§ YOUR OBJECTIVE: Set down all of the data that follows word for word, without the images.

§ THE DATA:
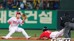 [OSEN=광주, 김영민 기자] '2011 롯데카드 프로야구' KIA 타이거즈와 SK 와이번스의 준플레이오프 4차전이 12일 오후 광주 무등 야구장에서 열렸다. 3회초 1사 1루 박재상 타석때 1루 주자 정근우 2루 도루 세이프 되고 있다. 3선승제의
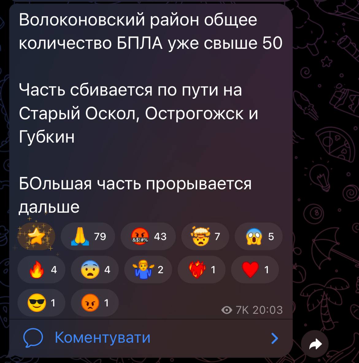Російські пабліки пишуть, що нібито ППО "успішно" збиває дрони над Старим Осколом, Острогожським та Губкіним. Однак чимало дронів все ж проривають оборону та прямують у глиб області.
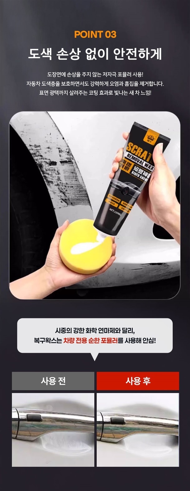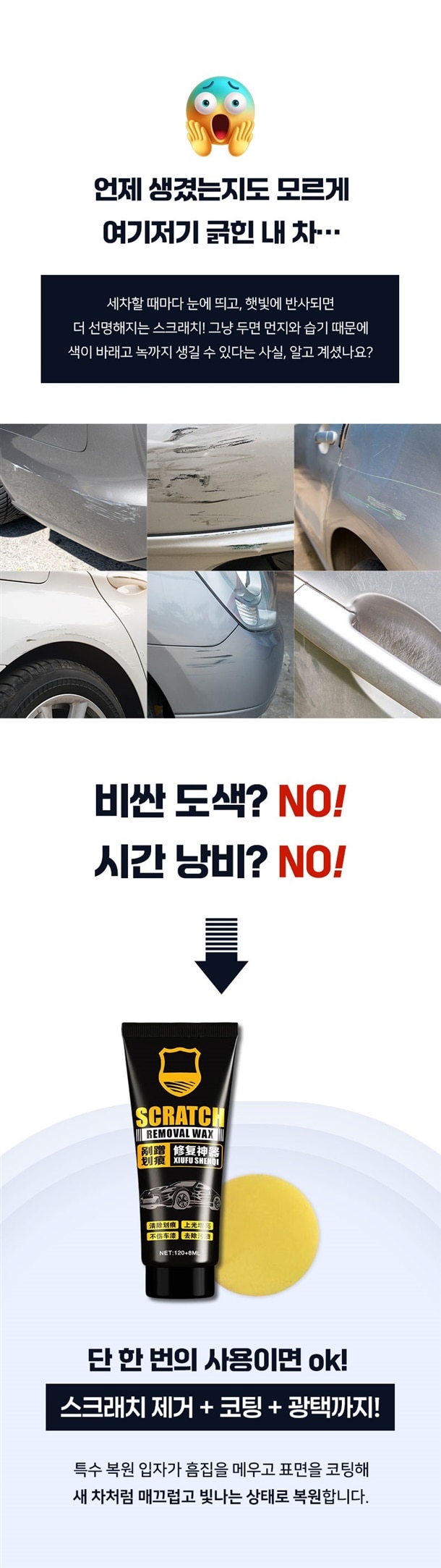 주차장에서 긁힌 자국이 너무 신경 쓰이고 속상했는데, 이 왁스 바르고 그냥 가볍게 문지르기만 했는데 뭐예요..? 진짜 감쪽같이 사라져서 안보여요..!! 남편이 차 다시 뽑았냐고 놀라더라구요ㅎㅎ

§ TASK RESULT:
 [OSEN=광주, 김영민 기자] '2011 롯데카드 프로야구' KIA 타이거즈와 SK 와이번스의 준플레이오프 4차전이 12일 오후 광주 무등 야구장에서 열렸다. 3회초 1사 1루 박재상 타석때 1루 주자 정근우 2루 도루 세이프 되고 있다. 3선승제의
Російські пабліки пишуть, що нібито ППО "успішно" збиває дрони над Старим Осколом, Острогожським та Губкіним. Однак чимало дронів все ж проривають оборону та прямують у глиб області.
 주차장에서 긁힌 자국이 너무 신경 쓰이고 속상했는데, 이 왁스 바르고 그냥 가볍게 문지르기만 했는데 뭐예요..? 진짜 감쪽같이 사라져서 안보여요..!! 남편이 차 다시 뽑았냐고 놀라더라구요ㅎㅎ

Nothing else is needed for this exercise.